Im Asset Life Cycle denken
Nutzenorientierte Geschäftsmodelle auf Basis digitaler Technologien
„Mir macht es Spaß, mein Wissen in die Unternehmensentwicklung einzubringen, zumal der Markt im Augenblich sehr dynamisch ist.“
CHEManager: Herr Otten, nach ihrem Ausscheiden bei Evonik sind Sie seit Dezember 2019 Beirat der TTP Group mit den operativen Marken Pharmaplan und Triplan. Was hat Sie zu diesem Schritt bewogen?
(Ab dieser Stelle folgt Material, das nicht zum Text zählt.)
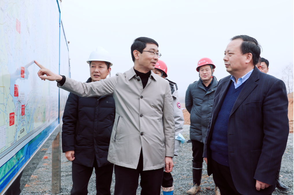 ​2024年1月31日,省水利厅纪检监察组组长王基若一行赴华阳河蓄滞洪区建设工程(湖北部分)施工第5标段项目开展调研工作,黄冈市水利和湖泊局局长吴愿明、黄梅县委书记刘欲晓、黄梅县水利和湖泊局局长徐旭文及第二工程公司负责人陪同调研。
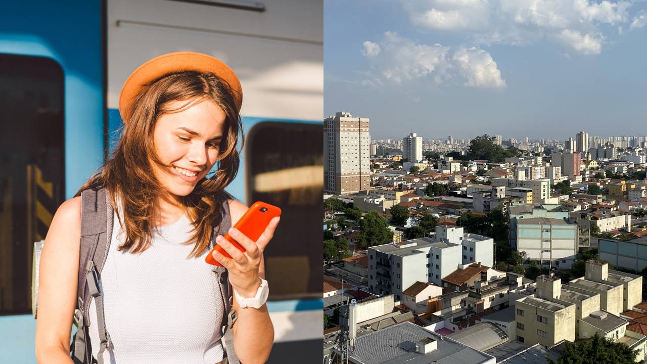 Mulher sorridente usando smartphone na estação. Jovem segurando smartphone e em pé na estação de trem e Paisagem urbana de São Caetano do Sul, Brasil - Créditos: depositphotos.com / luisrftc - Créditos: depositphotos.com / veloliza
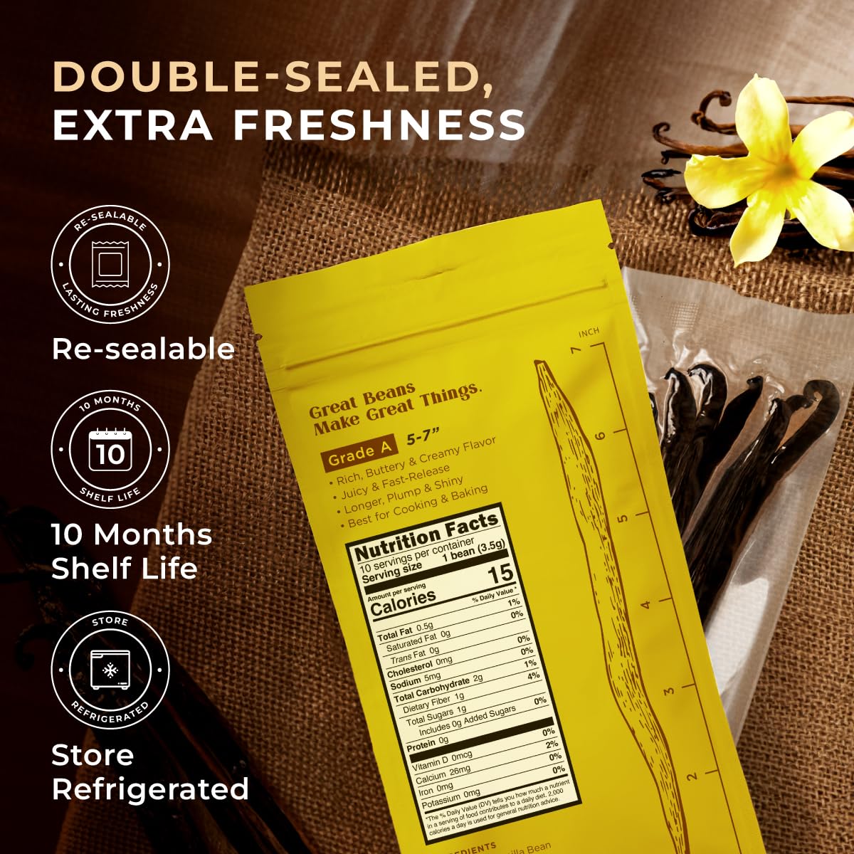 - Perfect for Any Dish. Sized at an estimated 5-7 inches, our juicy vanilla beans grade A are much bigger compared to other vanilla pods. Cherished for its rich and heavenly aroma, use grade A vanilla beans for syrups, teas, cookies, cakes and more!
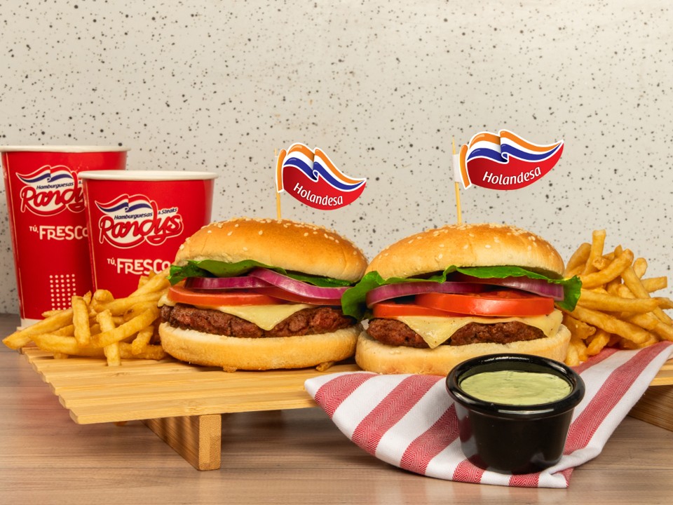 3 Hamb. Holandesas 1/4 de Libra con Queso Fundido, 3 Papas Medianas y 1 Coca Cola 1.5lt
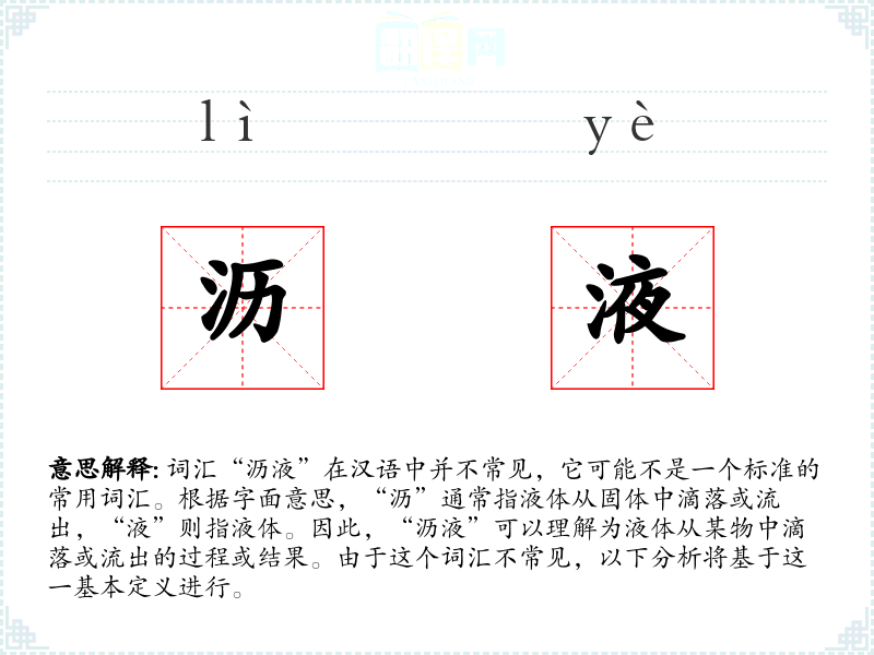 词汇“沥液”在汉语中并不常见,它可能不是一个标准的常用词汇。根据字面意思,“沥”通常指液体从固体中滴落或流出,“液”则指液体。因此,“沥液”可以理解为液体从某物中滴落或流出的过程或结果。由于这个词汇不常见,以下分析将基于这一基本定义进行。
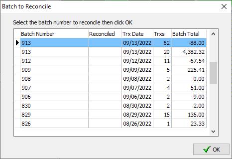 6. Right Click in the background of the list and select Reconcile Settled Transactions. 7. Select the date through which you want to see a list of batches. 8. You will be presented with a list of batches that can be downloaded. Those previously downloaded appear with a checkmark.
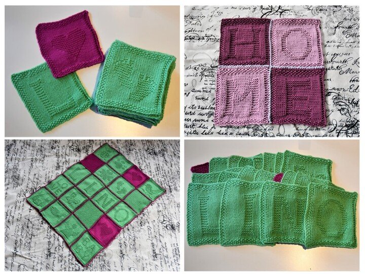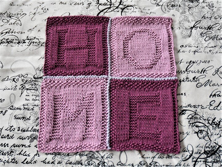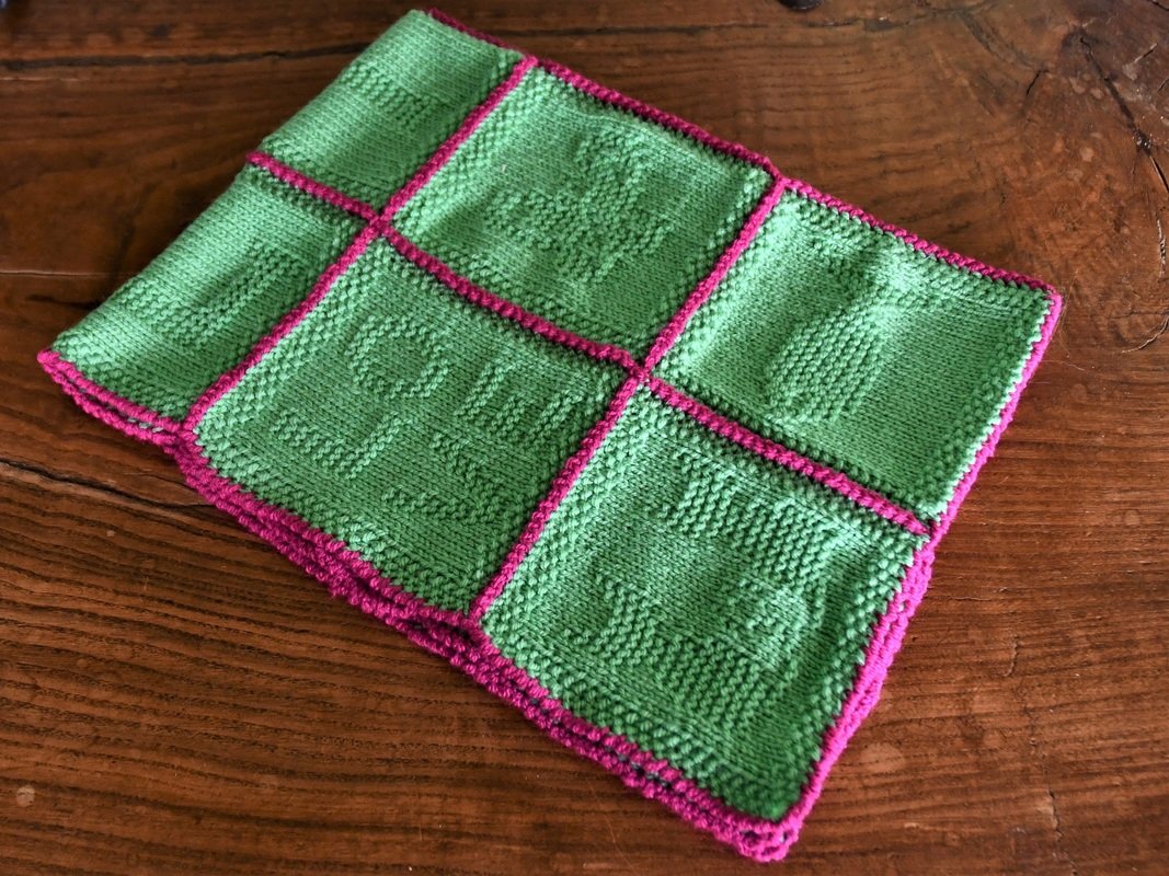 Insgesamt sind es 42 Dateien (1 allgemeine Anleitung für das Stricken und Zusammenfügen der Quadrate, 29 Anleitungen für die einzelnen Buchstaben, 12 Anleitungen für die Motive).
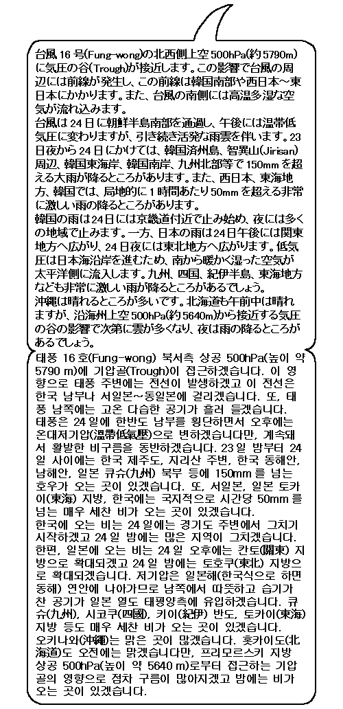 태풍∼온대저기압(溫帶低氣壓), 전선 등에 의한 호우에 조심하시기 바랍니다.

Wilhelm Otten: Ich habe beschlossen, mit Anfang 60 noch nicht „in Rente zu gehen“, dafür macht mir die Arbeit bei den aktuellen Entwicklungen noch viel zu viel Spaß. Nach meinem Ausscheiden aus der Evonik habe ich verschiedene Aktivitäten gestartet, unter anderem eine Beratung gegründet und eine Lehrtätigkeit angenommen. In die Entwicklung der TTP Group kann ich meine Kenntnisse des Engineering-Geschäfts aus verschiedenen Blickwinkeln einbringen: als Projektingenieur, als Kunde von Engineering-Unternehmen, als Leiter eines am Markt tätigen Servicebereiches der Evonik mit einem Schwerpunkt in der betriebsnahen Projektabwicklung und nicht zuletzt als Verantwortlicher für die weltweite Verfahrensentwicklung und Engineering mit Großprojekten mit mehreren hundert Millionen Euro Investitionssumme.
Was macht den Markt ihrer Meinung nach im Augenblick so dynamisch?
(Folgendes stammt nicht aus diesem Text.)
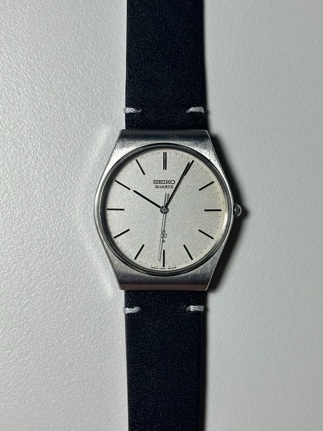 SEIKO • 세이코 쿼츠 빈티지 • 쿼츠 • 33mm 세이코 쿼츠 모델로 깔끔한 베젤과 깔끔한 문자판이 인상적인 제품으로 기본 아이템 입문용으로 가장 추천 드립니다. 얇은 두께감으로 드레스 워치를 연상 시키는 제품 입니다. 빈티지 스트랩을 추가하면서 빈티지 세이코 특유의 디자인과 장점을 부각 시킨 모델 입니다. -후르츠 한정- 1. 후루츠 + 인스타그램 팔로잉 2. 소중한 후기 잘 작성해주시면 택배비 무료로 도와드리고 있습니다. #빈티지#세이코#빈티지시계#빈티지세이코#쿼츠#세이코#손목시계
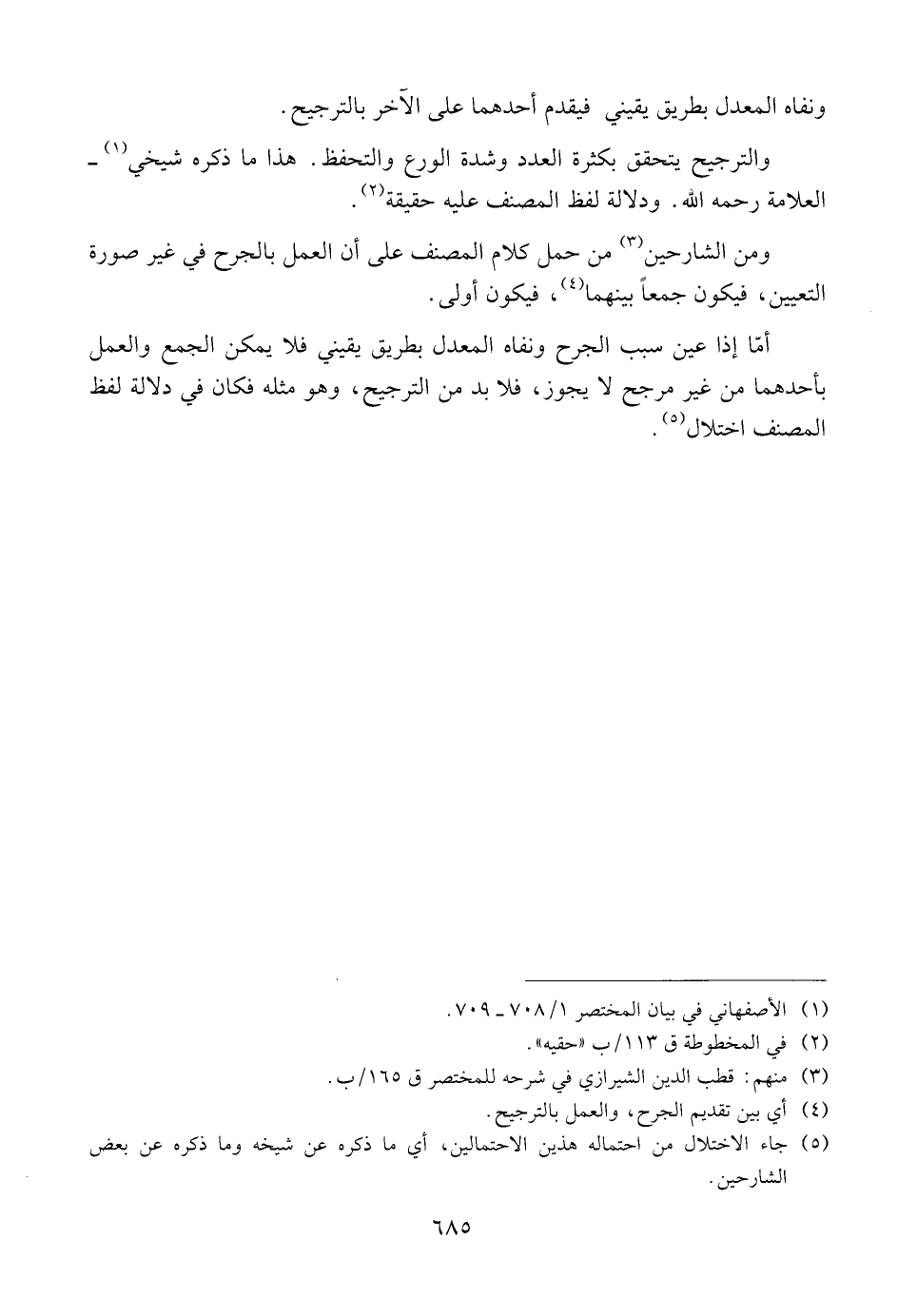 أمّا إذا عين سبب الجرح ونفاه المعدل بطريق يقيني فلا يمكن الجمع والعمل بأحدهما من غير مرجح لا يجوز، فلا بد من الترجيح، وهو مثله فكان في دلالة لفظ المصنف اختلال.
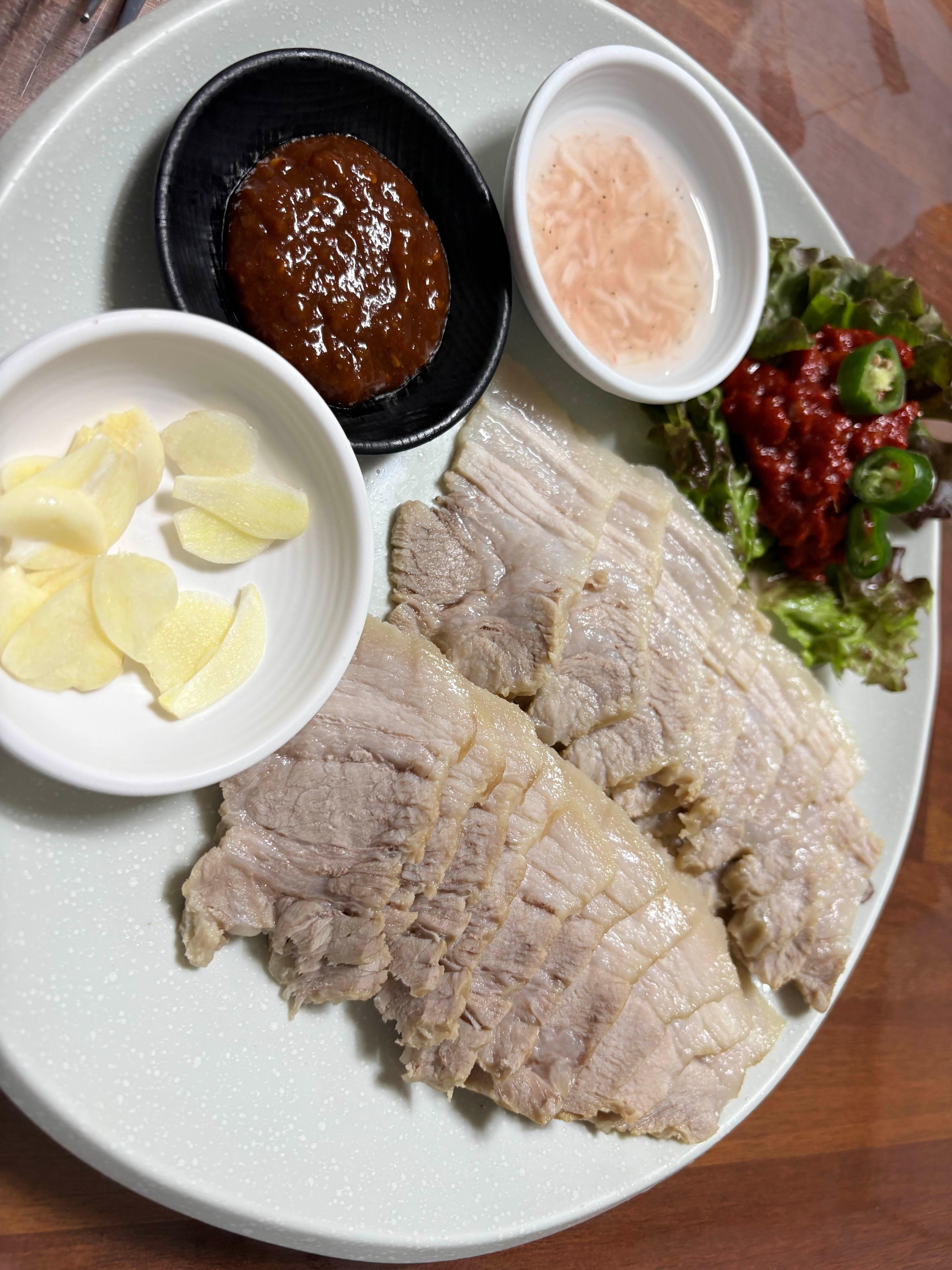 우리쪽 테이블에 나온 소자 수육. 고기가 야들야들하고 잡내 없이 잘 삶아져서 어른들도 아이들도 맛있게 먹었다. 함께 나온 명태식혜 곁들여 먹으면 더 맛있다.

W. Otten: Die besondere Dynamik kommt aus den großen technologischen Entwicklungen in der Prozessindustrie. Gerade ist Digitalisierung ein Mega-Thema, deshalb sehe ich generell als auch für uns als Engineering-Dienstleister ganz speziell zwei relevante Bereiche: Da ist zum einen das Datenmanagement entlang des Produkt- und Anlagenlebenszyklus, das „Integrated Engineering“, und zum anderen die vertikale Integration in der Produktion, das heißt, das durchgängige Datenmanagement von der Feldebene mit ihren Aktoren und Sensoren bis in die ERP-Systeme. Die Umsetzung dieser digitalen Transformation verlangt ein gutes Verständnis der Geschäftsprozesse und deren Informationen, IT/OT-Know-how und Fähigkeiten des Change-Managements. Denn nicht nur die Technik ändert sich, auch die Prozesse, Rollen und Aufgaben der Mitarbeiter. Die Erfahrung in diesen Bereichen bringe ich aus meinen Projekten und meiner Verbandstätigkeit ein, etwa als NAMUR-Vorsitzender, Mitglied von DEXPI/JIP36 oder dem VDI.
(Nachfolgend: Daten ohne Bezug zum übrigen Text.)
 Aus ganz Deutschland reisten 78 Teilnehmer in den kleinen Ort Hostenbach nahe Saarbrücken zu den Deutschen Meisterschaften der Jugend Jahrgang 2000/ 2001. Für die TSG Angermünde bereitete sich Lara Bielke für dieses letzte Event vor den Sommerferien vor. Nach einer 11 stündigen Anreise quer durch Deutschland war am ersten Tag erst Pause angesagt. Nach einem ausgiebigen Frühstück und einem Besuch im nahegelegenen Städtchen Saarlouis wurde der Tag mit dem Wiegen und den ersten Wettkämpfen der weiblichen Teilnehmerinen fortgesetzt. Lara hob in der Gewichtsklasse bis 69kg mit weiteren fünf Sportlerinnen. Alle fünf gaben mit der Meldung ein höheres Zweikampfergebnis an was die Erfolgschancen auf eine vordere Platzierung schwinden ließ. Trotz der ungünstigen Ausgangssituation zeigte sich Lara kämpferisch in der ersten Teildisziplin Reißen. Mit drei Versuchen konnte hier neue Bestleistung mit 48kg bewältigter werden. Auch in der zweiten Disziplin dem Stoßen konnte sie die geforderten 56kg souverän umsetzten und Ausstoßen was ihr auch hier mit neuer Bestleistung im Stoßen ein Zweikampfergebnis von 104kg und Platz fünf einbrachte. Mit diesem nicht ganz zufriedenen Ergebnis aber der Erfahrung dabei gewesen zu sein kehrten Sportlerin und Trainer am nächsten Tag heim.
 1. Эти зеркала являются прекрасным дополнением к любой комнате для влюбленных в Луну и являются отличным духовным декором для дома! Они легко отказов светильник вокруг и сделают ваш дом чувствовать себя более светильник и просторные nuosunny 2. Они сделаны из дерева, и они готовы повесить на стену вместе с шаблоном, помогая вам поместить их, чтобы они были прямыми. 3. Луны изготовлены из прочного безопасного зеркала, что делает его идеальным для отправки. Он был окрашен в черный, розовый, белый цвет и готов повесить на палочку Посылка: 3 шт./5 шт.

Wie konkret können neue nutzenorientierte Geschäftsmodelle auf Basis von digitalen Technologien aussehen?
W. Otten: In der Prozessindustrie erkennt man immer mehr den Vorteil, die Anlageninformation nicht in Zeichnungen, sondern in datenbankorientierten CAE-Systemen zu planen und zu verwalten. Die Effizienzvorteile, aber vor allem auch die Qualitätsvorteile eines über die Engineering-Phasen und Gewerke integrierten Datenmanagements werden wir aber nur nutzen können, wenn die Datenmodelle und Systeme durchgängig sind. So ist ein Großteil der Arbeit aktuell, die Informationen in die CAE-Systeme zu bringen und die Schnittstellen zum Beispiel zwischen 2D-Werkzeugen und 3D-Werkzeugen zu definieren. Die Vorteile eines integrierten Engineerings liegen vor allem in der effizienteren technischen Betreuung von Bestandanlagen, betriebsnahen Umbauprojekten und technischen Änderungen. Die TTP Group ist mit ihren Dienstleistungen in diese Entwicklung eingebunden.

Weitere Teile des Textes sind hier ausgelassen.